**LISTED RECORDS**
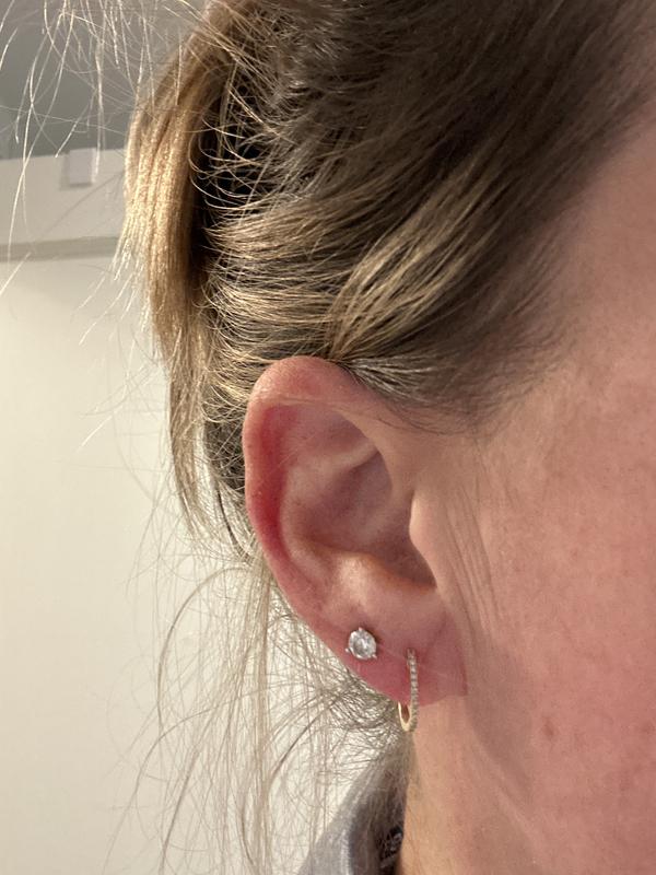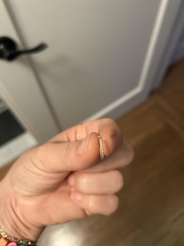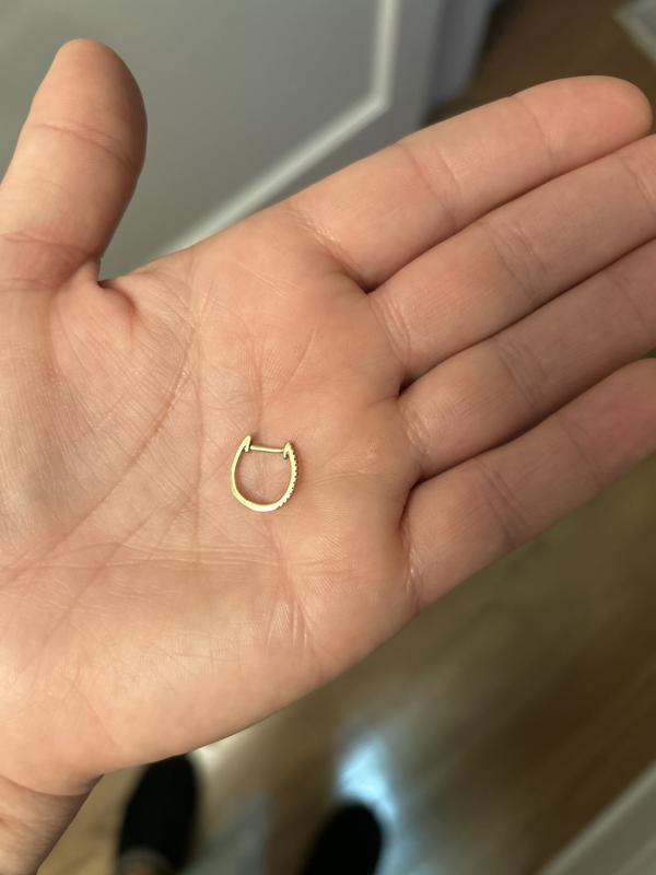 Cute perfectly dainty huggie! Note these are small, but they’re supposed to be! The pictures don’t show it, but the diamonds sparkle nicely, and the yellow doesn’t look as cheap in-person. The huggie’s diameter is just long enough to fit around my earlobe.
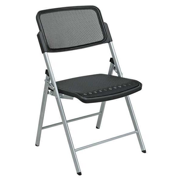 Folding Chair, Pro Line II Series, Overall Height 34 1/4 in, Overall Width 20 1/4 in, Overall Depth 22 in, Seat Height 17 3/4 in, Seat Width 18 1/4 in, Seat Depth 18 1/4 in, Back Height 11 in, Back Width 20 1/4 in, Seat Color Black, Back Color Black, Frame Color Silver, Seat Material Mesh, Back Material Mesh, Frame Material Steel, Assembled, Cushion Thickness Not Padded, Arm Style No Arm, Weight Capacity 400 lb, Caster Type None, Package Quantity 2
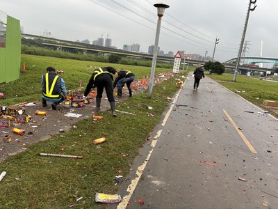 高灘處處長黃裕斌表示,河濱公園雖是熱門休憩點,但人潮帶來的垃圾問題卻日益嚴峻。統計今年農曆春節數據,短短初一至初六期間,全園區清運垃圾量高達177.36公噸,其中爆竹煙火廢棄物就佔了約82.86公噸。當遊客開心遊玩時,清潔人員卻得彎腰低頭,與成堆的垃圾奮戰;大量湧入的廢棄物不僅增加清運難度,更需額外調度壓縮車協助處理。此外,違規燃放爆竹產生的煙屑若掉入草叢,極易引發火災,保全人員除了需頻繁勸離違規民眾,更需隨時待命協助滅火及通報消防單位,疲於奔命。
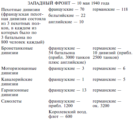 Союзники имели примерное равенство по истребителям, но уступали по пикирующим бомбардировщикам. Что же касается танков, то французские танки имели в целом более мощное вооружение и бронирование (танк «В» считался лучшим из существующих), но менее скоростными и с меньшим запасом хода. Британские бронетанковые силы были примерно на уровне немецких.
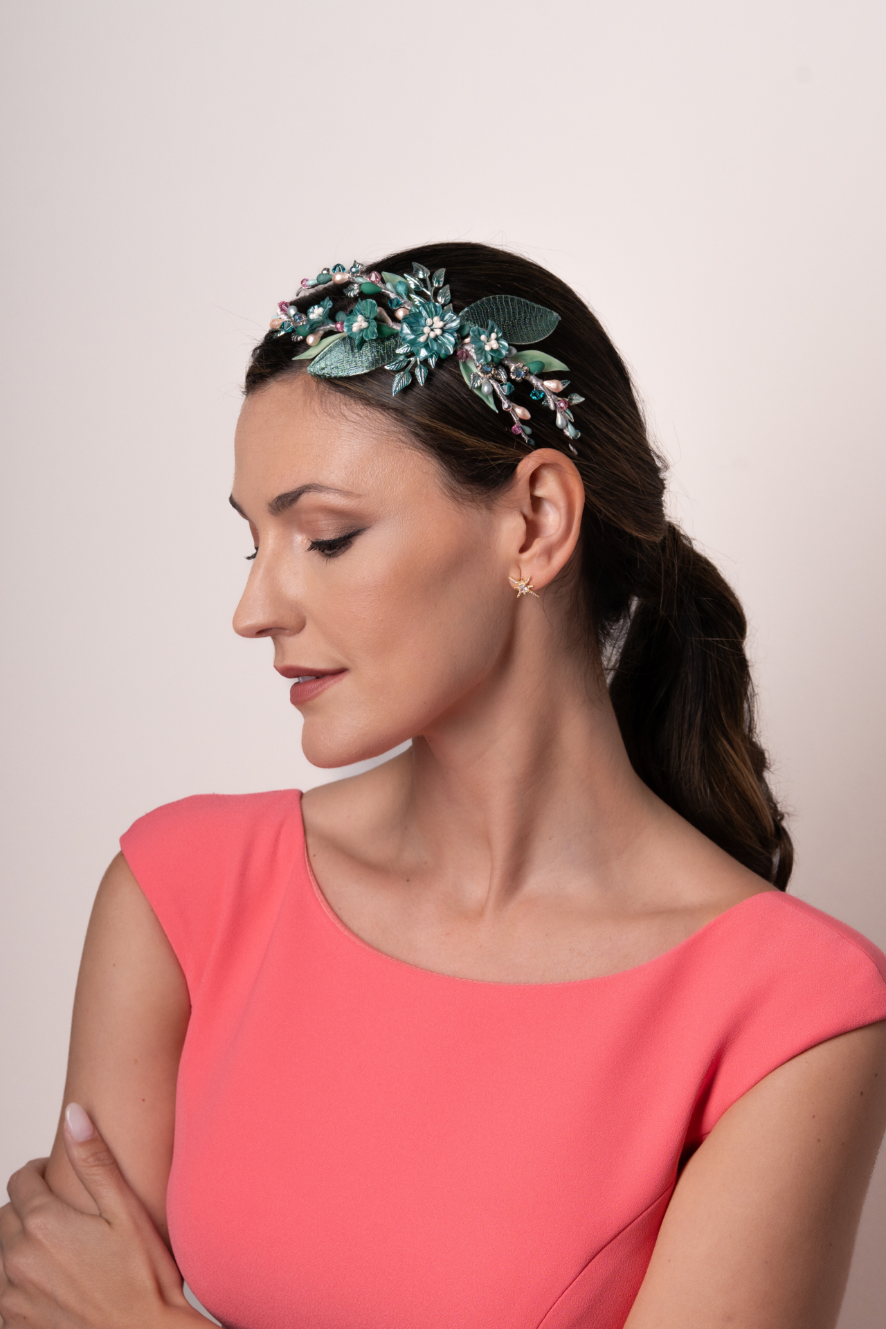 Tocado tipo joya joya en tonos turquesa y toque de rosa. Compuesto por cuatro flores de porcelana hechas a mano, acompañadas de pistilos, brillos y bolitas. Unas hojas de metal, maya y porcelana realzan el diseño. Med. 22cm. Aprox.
--
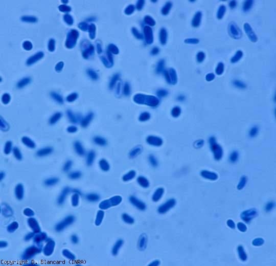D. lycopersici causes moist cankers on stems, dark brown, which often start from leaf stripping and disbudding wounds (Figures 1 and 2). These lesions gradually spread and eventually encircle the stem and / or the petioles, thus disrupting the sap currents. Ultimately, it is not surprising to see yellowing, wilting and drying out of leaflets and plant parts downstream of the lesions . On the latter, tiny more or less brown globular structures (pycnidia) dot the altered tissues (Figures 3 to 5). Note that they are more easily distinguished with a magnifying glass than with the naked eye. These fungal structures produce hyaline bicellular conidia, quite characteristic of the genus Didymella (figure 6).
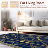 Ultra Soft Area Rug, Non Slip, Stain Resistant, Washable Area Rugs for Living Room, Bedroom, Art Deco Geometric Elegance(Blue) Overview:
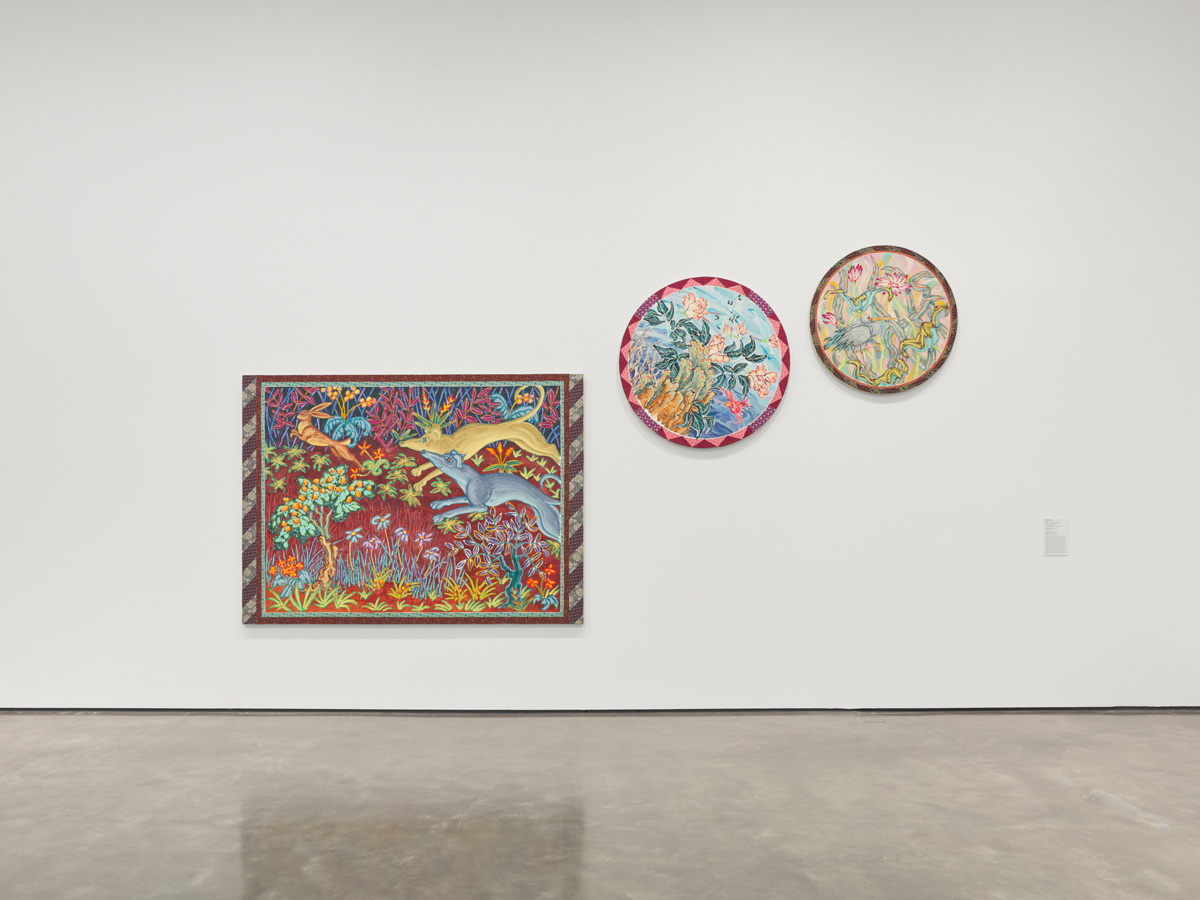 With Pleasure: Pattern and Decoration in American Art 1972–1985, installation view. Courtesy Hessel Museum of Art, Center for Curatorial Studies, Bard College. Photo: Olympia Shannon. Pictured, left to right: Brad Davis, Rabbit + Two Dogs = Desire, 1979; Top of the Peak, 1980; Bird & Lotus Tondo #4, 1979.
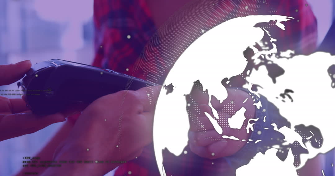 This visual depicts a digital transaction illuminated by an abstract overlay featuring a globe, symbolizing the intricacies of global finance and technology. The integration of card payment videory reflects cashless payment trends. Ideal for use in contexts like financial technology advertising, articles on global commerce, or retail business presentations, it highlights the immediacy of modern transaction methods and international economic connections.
...
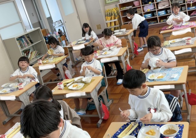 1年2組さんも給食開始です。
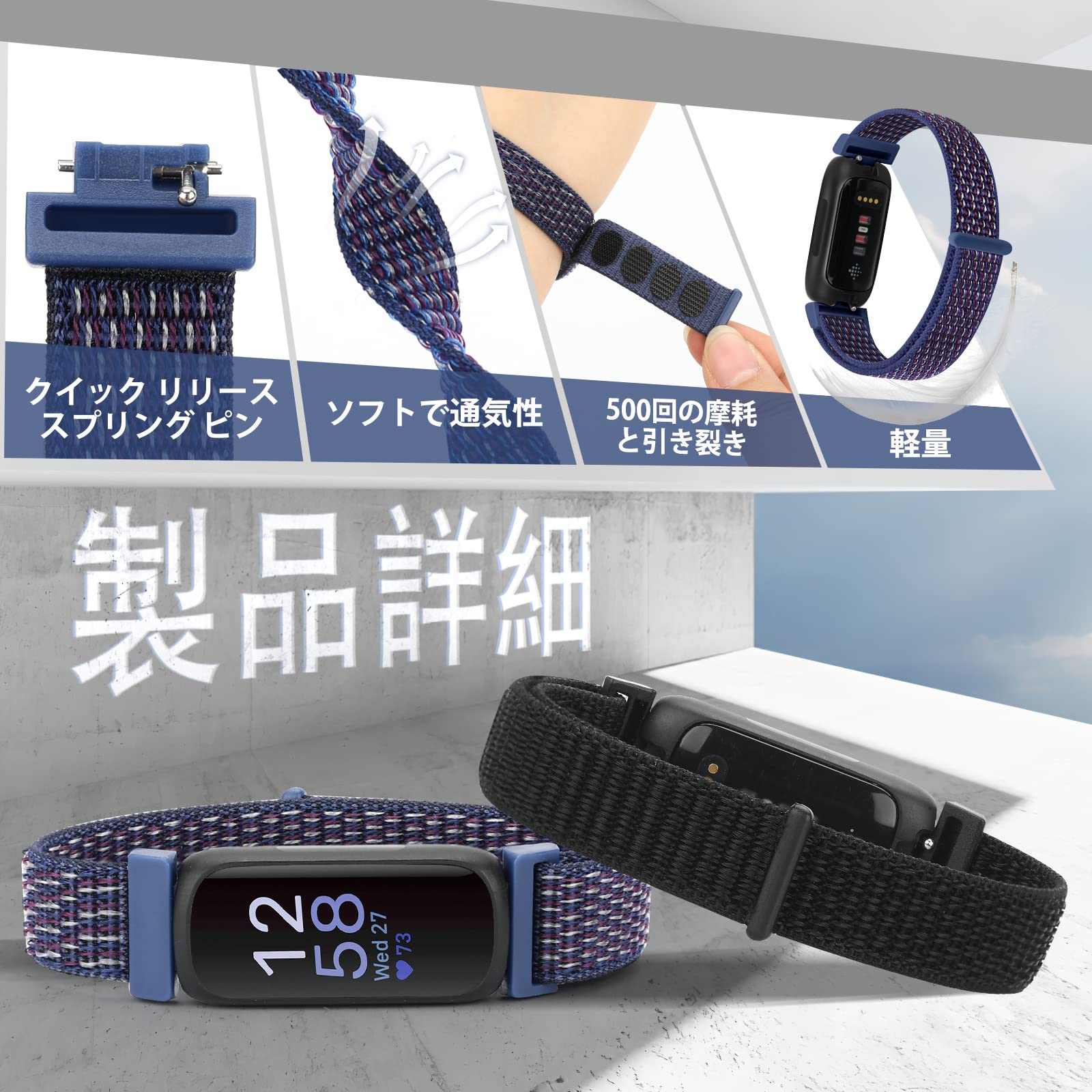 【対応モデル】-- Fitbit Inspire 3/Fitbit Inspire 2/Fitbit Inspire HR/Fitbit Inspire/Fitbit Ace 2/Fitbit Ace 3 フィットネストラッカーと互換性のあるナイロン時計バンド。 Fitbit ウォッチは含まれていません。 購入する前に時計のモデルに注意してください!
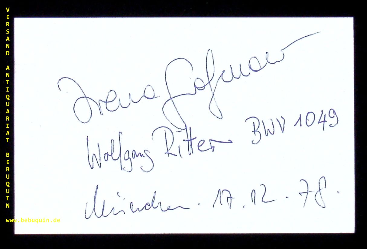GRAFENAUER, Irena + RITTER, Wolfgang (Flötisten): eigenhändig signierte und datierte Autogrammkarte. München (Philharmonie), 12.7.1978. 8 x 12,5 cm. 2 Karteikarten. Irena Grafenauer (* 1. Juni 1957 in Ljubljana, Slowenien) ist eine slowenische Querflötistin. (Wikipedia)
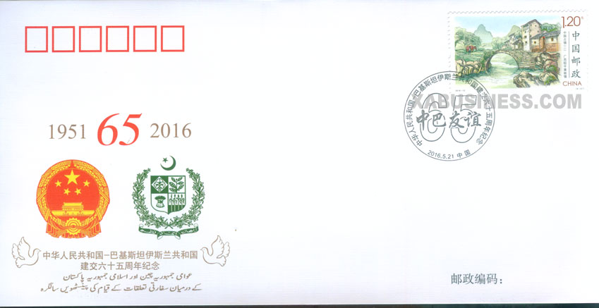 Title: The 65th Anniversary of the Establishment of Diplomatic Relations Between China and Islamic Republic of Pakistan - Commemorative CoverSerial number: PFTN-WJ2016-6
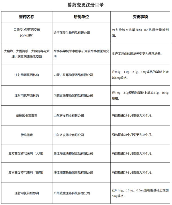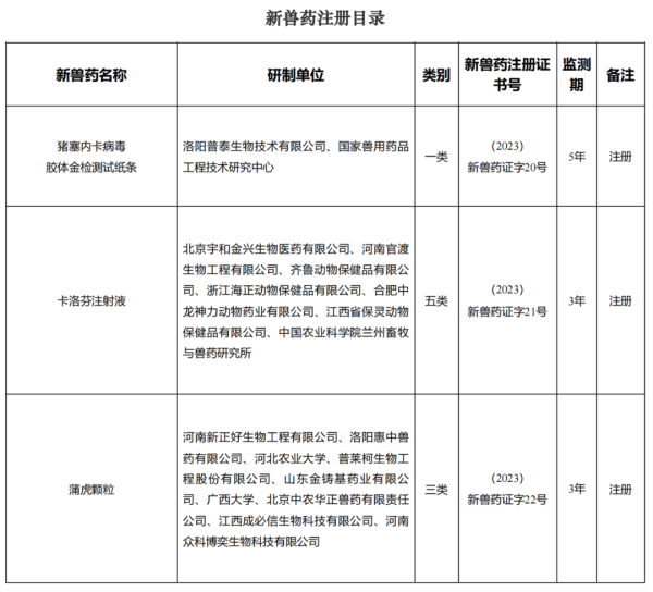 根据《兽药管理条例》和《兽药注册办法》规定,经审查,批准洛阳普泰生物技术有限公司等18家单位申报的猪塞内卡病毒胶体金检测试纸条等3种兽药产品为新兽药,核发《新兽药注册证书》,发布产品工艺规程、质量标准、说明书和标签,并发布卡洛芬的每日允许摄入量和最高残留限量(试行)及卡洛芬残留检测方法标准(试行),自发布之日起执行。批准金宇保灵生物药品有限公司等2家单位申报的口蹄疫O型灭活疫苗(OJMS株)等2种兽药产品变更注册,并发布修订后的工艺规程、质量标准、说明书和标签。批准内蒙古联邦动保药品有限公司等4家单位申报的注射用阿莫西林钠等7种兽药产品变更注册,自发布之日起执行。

**EXERCISE BRIEF**
Going by the entries above, repeat exactly the lines that start at the line with "With Pleasure: Pattern" and go on through the line with "This visual depicts". Pictures are not part of the copy.

**EXERCISE OUTPUT**
 With Pleasure: Pattern and Decoration in American Art 1972–1985, installation view. Courtesy Hessel Museum of Art, Center for Curatorial Studies, Bard College. Photo: Olympia Shannon. Pictured, left to right: Brad Davis, Rabbit + Two Dogs = Desire, 1979; Top of the Peak, 1980; Bird & Lotus Tondo #4, 1979.
 This visual depicts a digital transaction illuminated by an abstract overlay featuring a globe, symbolizing the intricacies of global finance and technology. The integration of card payment videory reflects cashless payment trends. Ideal for use in contexts like financial technology advertising, articles on global commerce, or retail business presentations, it highlights the immediacy of modern transaction methods and international economic connections.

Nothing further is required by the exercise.